§ **TO DO**
From the line holding "Découvrez l'offre de" through the line holding "世界杯纪录有很多方面,包括总" below, write out every line exactly; include both of those lines and drop the pictures.

§ **DATA**
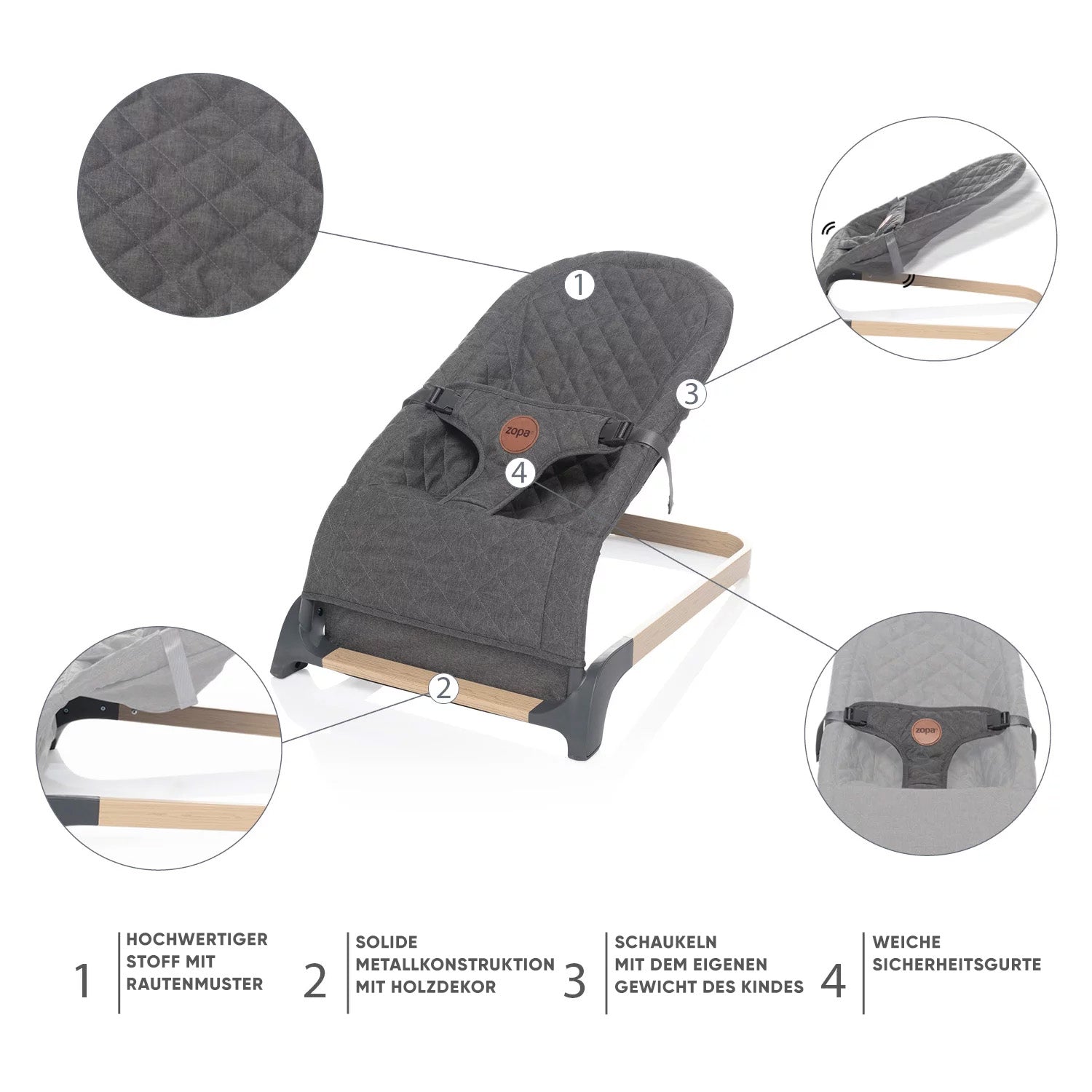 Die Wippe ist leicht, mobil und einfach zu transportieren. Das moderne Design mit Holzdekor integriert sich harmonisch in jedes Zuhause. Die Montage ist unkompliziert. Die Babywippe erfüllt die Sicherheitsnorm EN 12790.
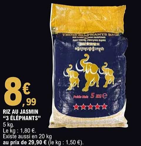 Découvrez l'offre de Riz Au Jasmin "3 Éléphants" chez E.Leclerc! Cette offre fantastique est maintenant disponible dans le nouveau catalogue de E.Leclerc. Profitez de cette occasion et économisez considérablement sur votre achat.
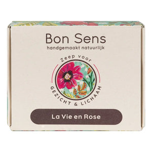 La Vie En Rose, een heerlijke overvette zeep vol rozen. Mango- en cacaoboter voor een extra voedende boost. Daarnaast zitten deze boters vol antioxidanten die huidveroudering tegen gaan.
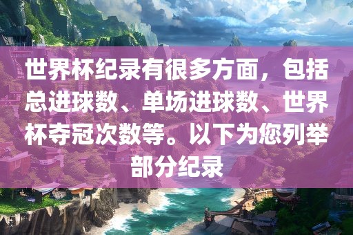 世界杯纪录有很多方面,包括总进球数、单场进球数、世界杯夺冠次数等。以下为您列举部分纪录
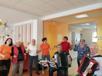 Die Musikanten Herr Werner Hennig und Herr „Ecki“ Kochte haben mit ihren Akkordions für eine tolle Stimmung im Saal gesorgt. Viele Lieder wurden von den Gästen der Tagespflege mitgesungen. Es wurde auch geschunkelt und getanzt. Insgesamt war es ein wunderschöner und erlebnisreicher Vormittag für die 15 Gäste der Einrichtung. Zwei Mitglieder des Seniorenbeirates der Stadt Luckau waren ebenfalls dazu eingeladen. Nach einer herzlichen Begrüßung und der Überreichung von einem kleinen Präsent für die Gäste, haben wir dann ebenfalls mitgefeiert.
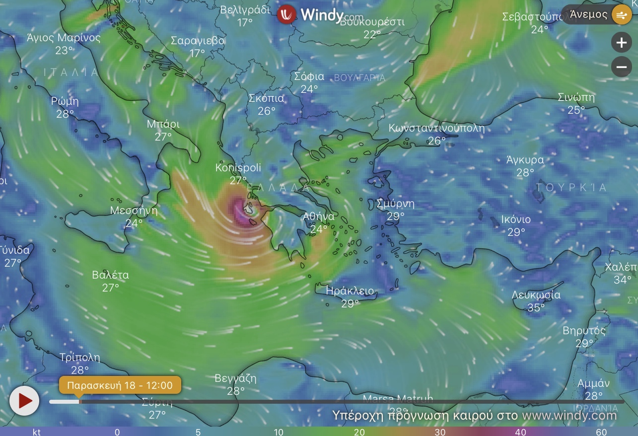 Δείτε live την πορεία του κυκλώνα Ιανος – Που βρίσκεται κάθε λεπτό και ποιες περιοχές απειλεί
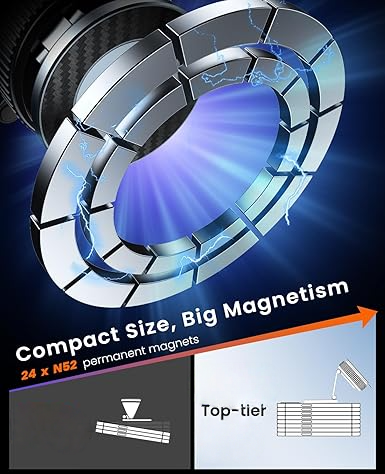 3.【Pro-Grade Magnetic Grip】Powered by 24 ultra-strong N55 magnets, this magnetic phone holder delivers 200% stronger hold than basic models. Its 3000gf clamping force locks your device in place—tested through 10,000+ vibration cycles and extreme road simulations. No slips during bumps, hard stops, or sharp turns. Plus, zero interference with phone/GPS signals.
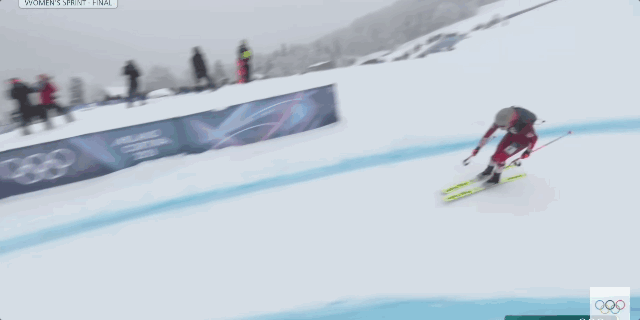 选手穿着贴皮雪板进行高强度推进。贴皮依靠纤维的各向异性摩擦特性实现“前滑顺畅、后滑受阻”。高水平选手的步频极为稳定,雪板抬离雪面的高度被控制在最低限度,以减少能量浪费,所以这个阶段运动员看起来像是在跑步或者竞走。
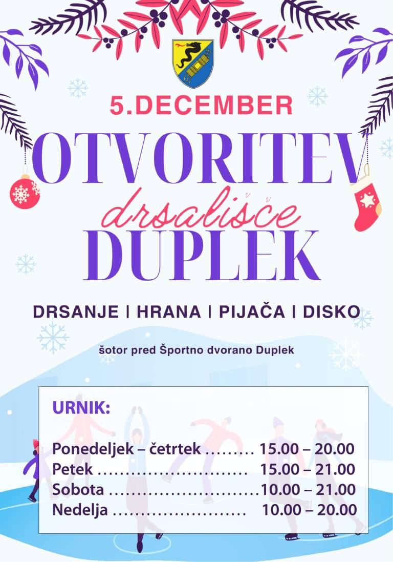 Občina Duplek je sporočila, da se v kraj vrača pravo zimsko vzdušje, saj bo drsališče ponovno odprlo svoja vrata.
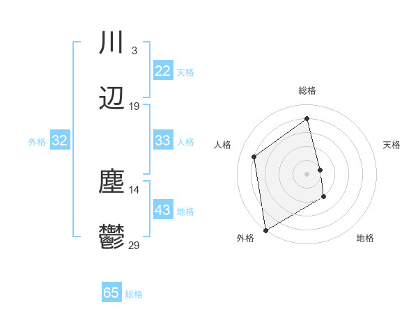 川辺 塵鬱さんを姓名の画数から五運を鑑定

§ **WRITTEN ANSWER**
 Découvrez l'offre de Riz Au Jasmin "3 Éléphants" chez E.Leclerc! Cette offre fantastique est maintenant disponible dans le nouveau catalogue de E.Leclerc. Profitez de cette occasion et économisez considérablement sur votre achat.
 La Vie En Rose, een heerlijke overvette zeep vol rozen. Mango- en cacaoboter voor een extra voedende boost. Daarnaast zitten deze boters vol antioxidanten die huidveroudering tegen gaan.
 世界杯纪录有很多方面,包括总进球数、单场进球数、世界杯夺冠次数等。以下为您列举部分纪录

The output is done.